§ Required work
What are the lines from the top of the entries below through the line containing "The Florals Parrot"? Return them exactly, both ends included, without the pictures.
___ Records shown ___
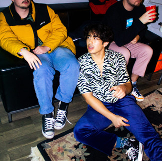 While a formal interview wasn't conducted - here are some highlights: None of the band is forklift certified, but Luke has previously driven one - please don't tell the authorities. A LaCroix sponsorship for the band would be greatly appreciated. Calvin will in fact sit on the counter every time. Luke has a conspiracy about the mafia and glitter but we'll let him give you the deets on that... Oh and both Calvin and Luke truly admire Ross' "smexy ankles," smankles if you will.
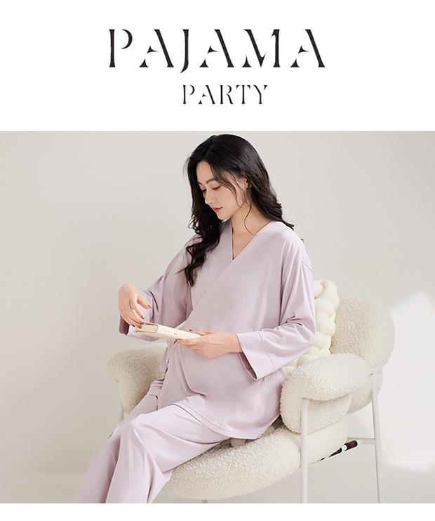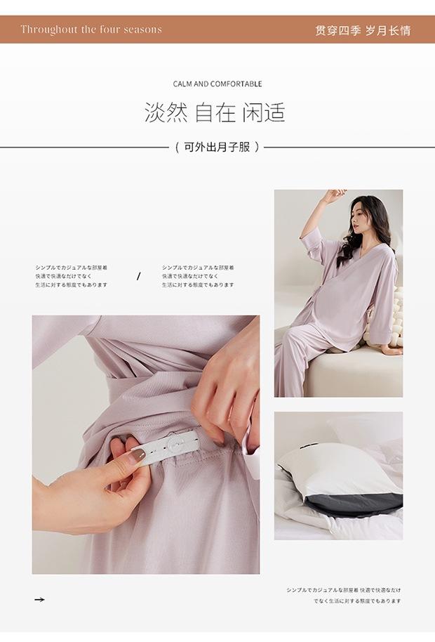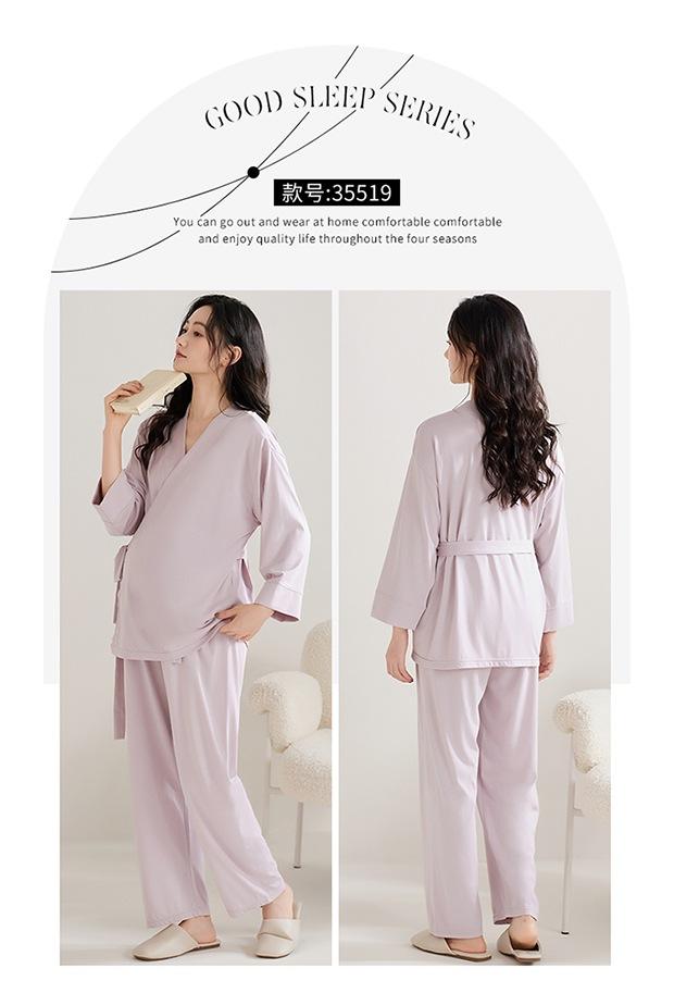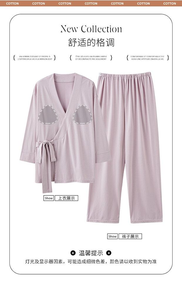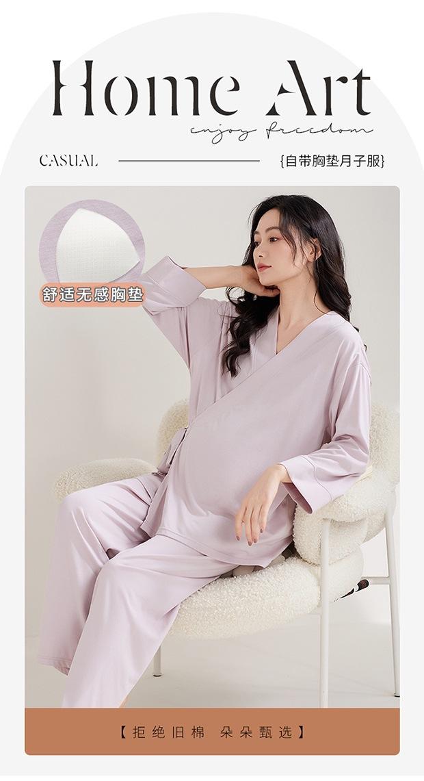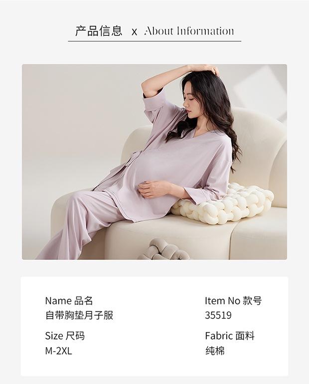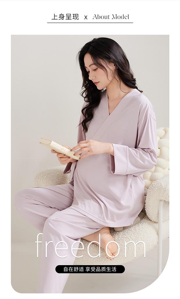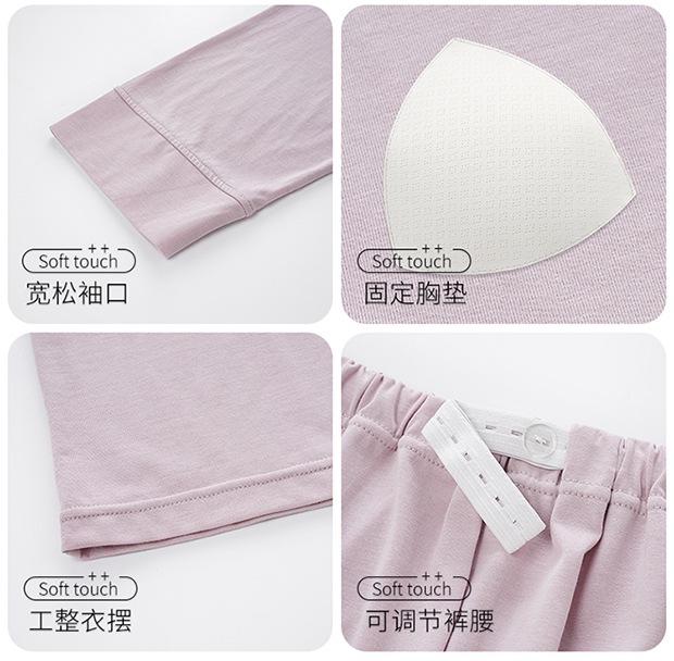 Color Sólido Venta al por Mayor En Stock con Almohadillas para el Busto 6535 Algodón Ropa de Maternidad Pijamas Mujeres Primavera Otoño Mujeres Embarazadas Ropa para Amamantar Alimentación Conjunto de Dos Piezas
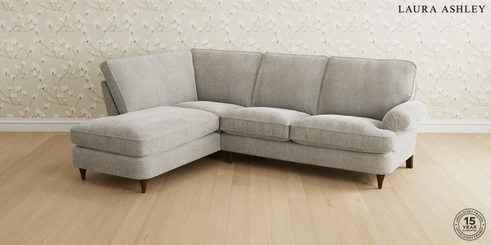 6.12.1 Buy Beaumaris by Laura Ashley Medium Sofa Chaise - Left Hand Edwin Chenille Silver Grey Low Turned - Teak from the Next UK online shop Click here to use our accessible website
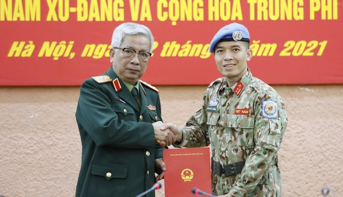 Sáng 12-3, Bộ Quốc phòng tổ chức lễ trao quyết định của Chủ tịch nước cho sỹ quan đi thực hiện nhiệm vụ tại Trụ sở Liên hợp quốc, tổng kết nhiệm kỳ công tác cho các sỹ quan Việt Nam kết thúc nhiệm kỳ tại các Phái bộ Gìn giữ hòa bình Liên hợp quốc tại Nam Sudan và Cộng hòa Trung Phi.
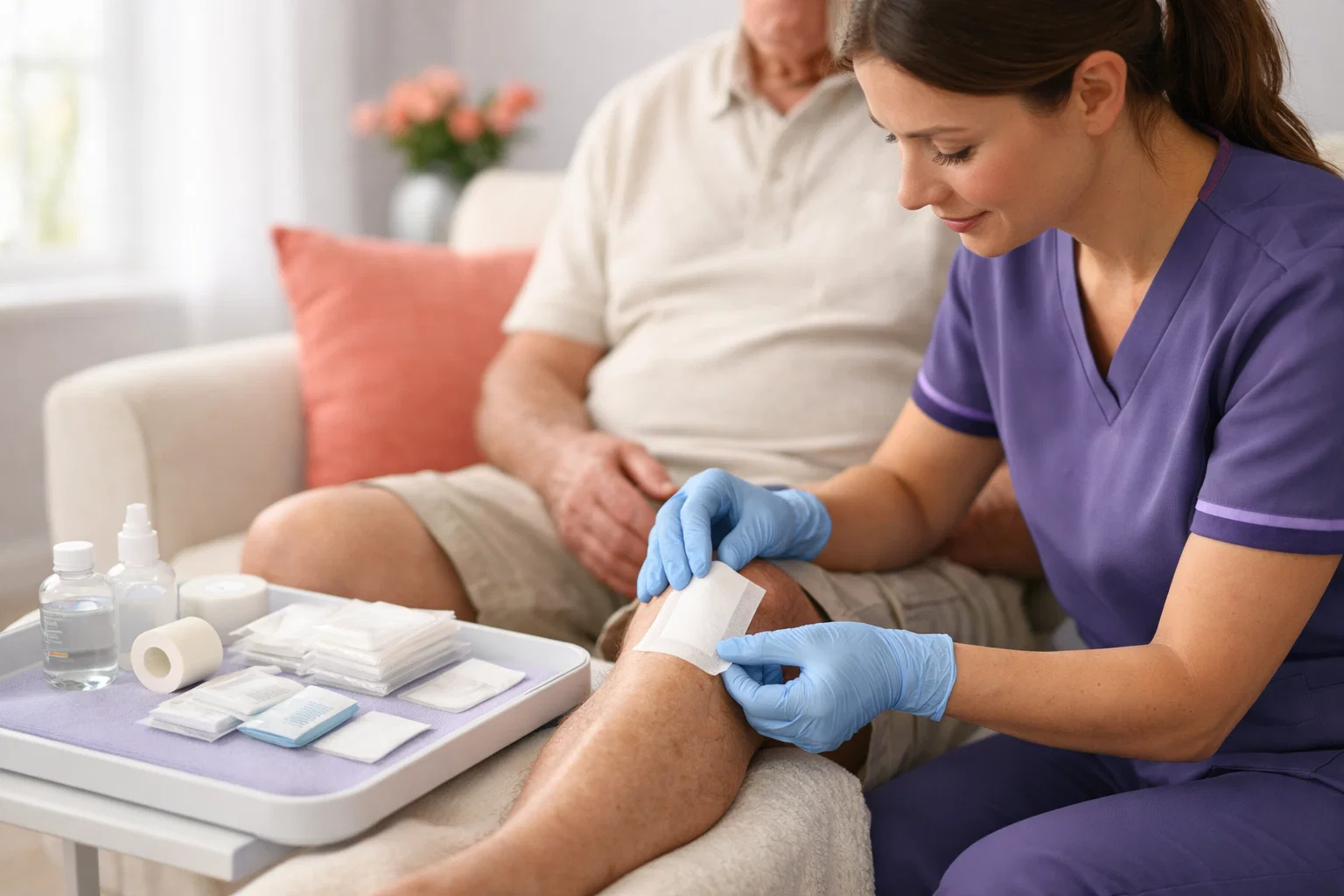 Some patients benefit from professional wound care following surgery.
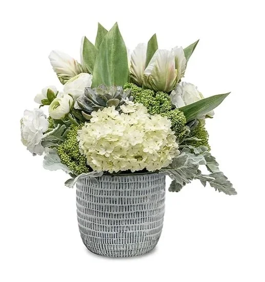 The Florals Parrot Tulip/White Floral Mix in Jupiter Pot, made by The Ivy Guild,
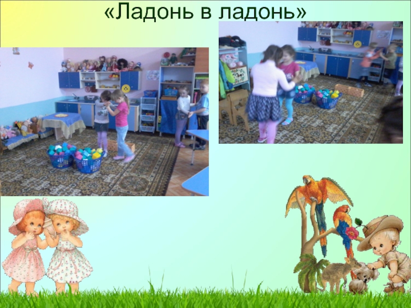 Дети становятся попарно, прижимая правую ладонь к левой ладони и левую ладонь к правой ладони друга. Соединенные таким образом, они должны передвигаться по комнате, обходя различные препятствия: стол, стулья, кровать…
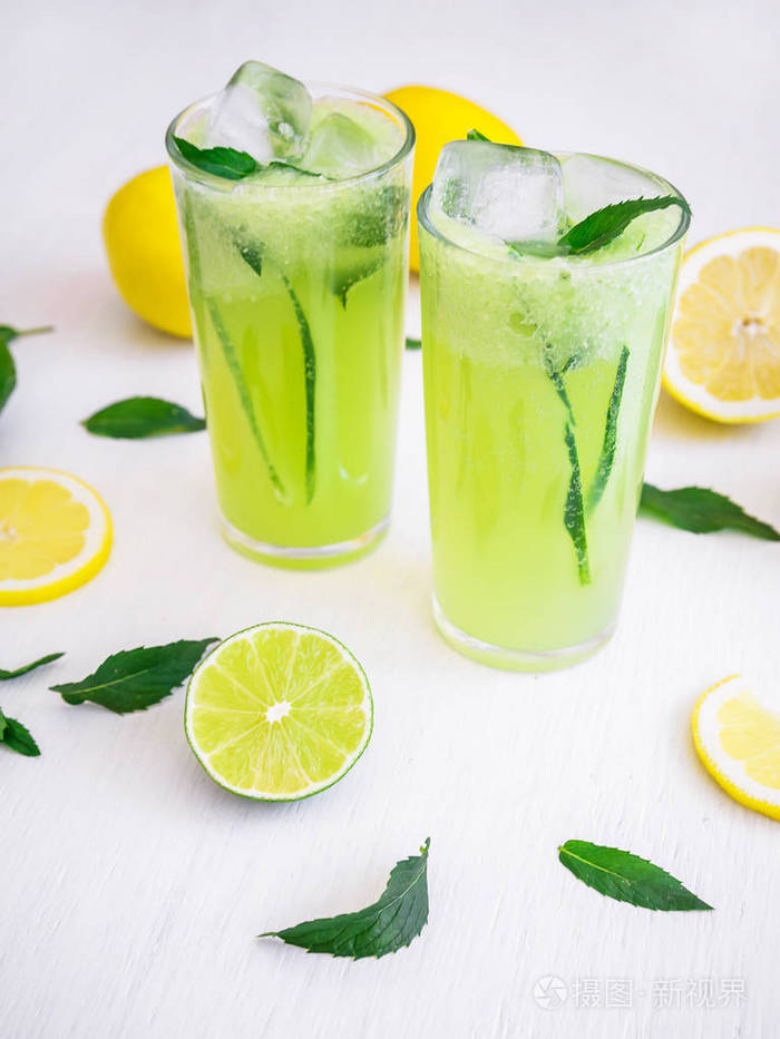 石灰和薄荷,夏季提神的饮料西瓜柠檬水
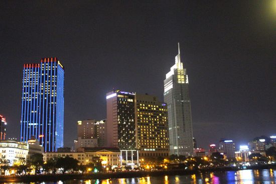Das Gebäude in der Mitte mit er Helikopterplattform ist zur Zeit das höchste hier in Saigon: Bitexco Financial Tower 258,5 m.
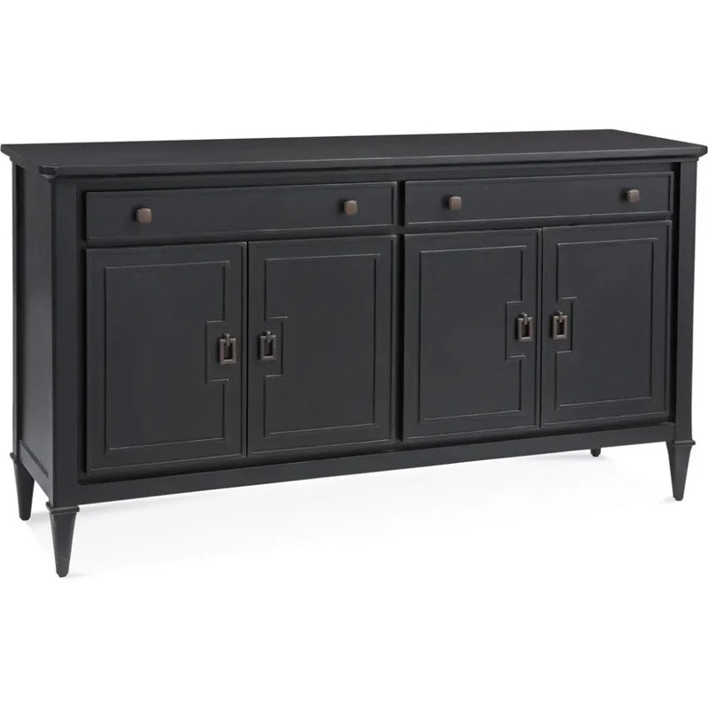 The Hudson Server features an all black finish, with geometric details giving it an Asian flair. This sideboard provides ample storage between the two upper drawers and two cabinets. The top drawers feature black felt lining.
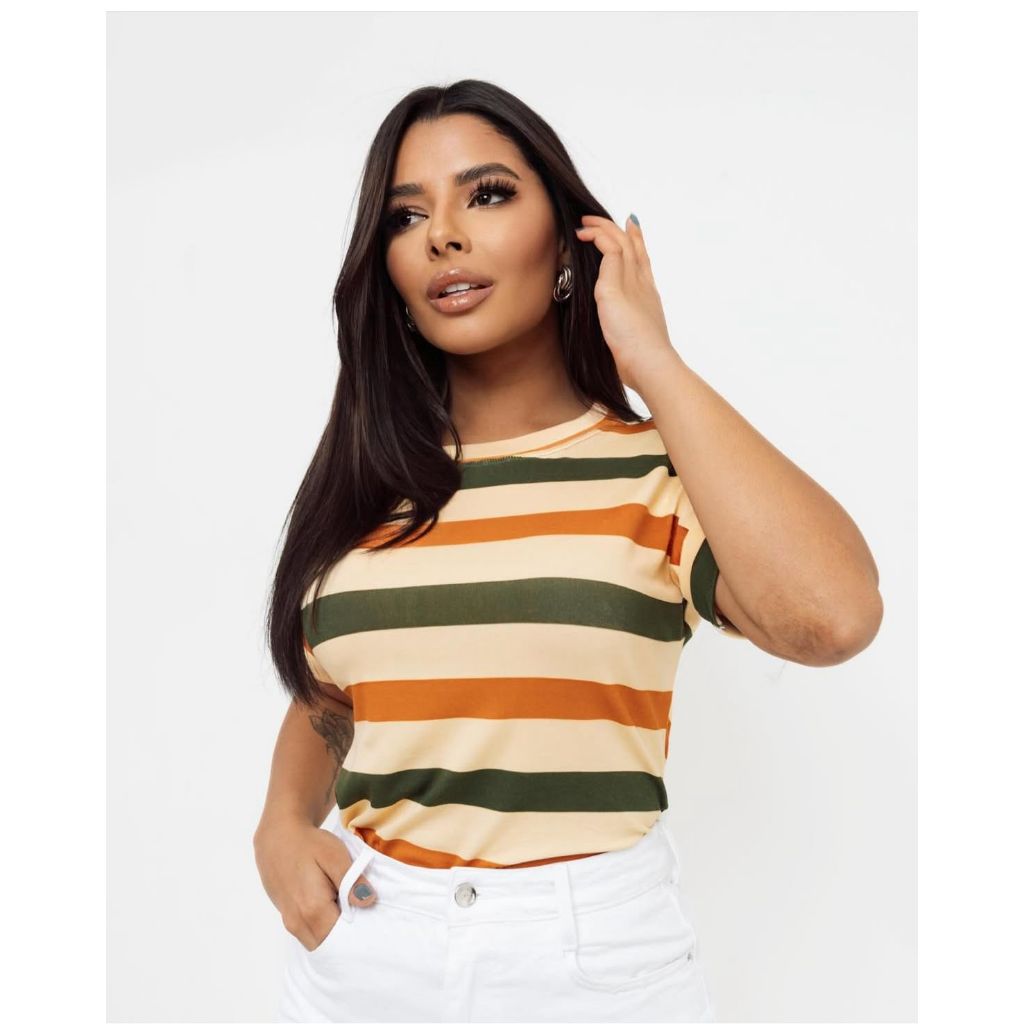 | Blusa Listrada Feminina Tshirt Manga Dobrada Gola Redonda Cores Ver... este produto | R$ 27,99 | — | 4.9/5 | — |
___
§ Response
 While a formal interview wasn't conducted - here are some highlights: None of the band is forklift certified, but Luke has previously driven one - please don't tell the authorities. A LaCroix sponsorship for the band would be greatly appreciated. Calvin will in fact sit on the counter every time. Luke has a conspiracy about the mafia and glitter but we'll let him give you the deets on that... Oh and both Calvin and Luke truly admire Ross' "smexy ankles," smankles if you will.
 Color Sólido Venta al por Mayor En Stock con Almohadillas para el Busto 6535 Algodón Ropa de Maternidad Pijamas Mujeres Primavera Otoño Mujeres Embarazadas Ropa para Amamantar Alimentación Conjunto de Dos Piezas
 6.12.1 Buy Beaumaris by Laura Ashley Medium Sofa Chaise - Left Hand Edwin Chenille Silver Grey Low Turned - Teak from the Next UK online shop Click here to use our accessible website
 Sáng 12-3, Bộ Quốc phòng tổ chức lễ trao quyết định của Chủ tịch nước cho sỹ quan đi thực hiện nhiệm vụ tại Trụ sở Liên hợp quốc, tổng kết nhiệm kỳ công tác cho các sỹ quan Việt Nam kết thúc nhiệm kỳ tại các Phái bộ Gìn giữ hòa bình Liên hợp quốc tại Nam Sudan và Cộng hòa Trung Phi.
 Some patients benefit from professional wound care following surgery.
 The Florals Parrot Tulip/White Floral Mix in Jupiter Pot, made by The Ivy Guild,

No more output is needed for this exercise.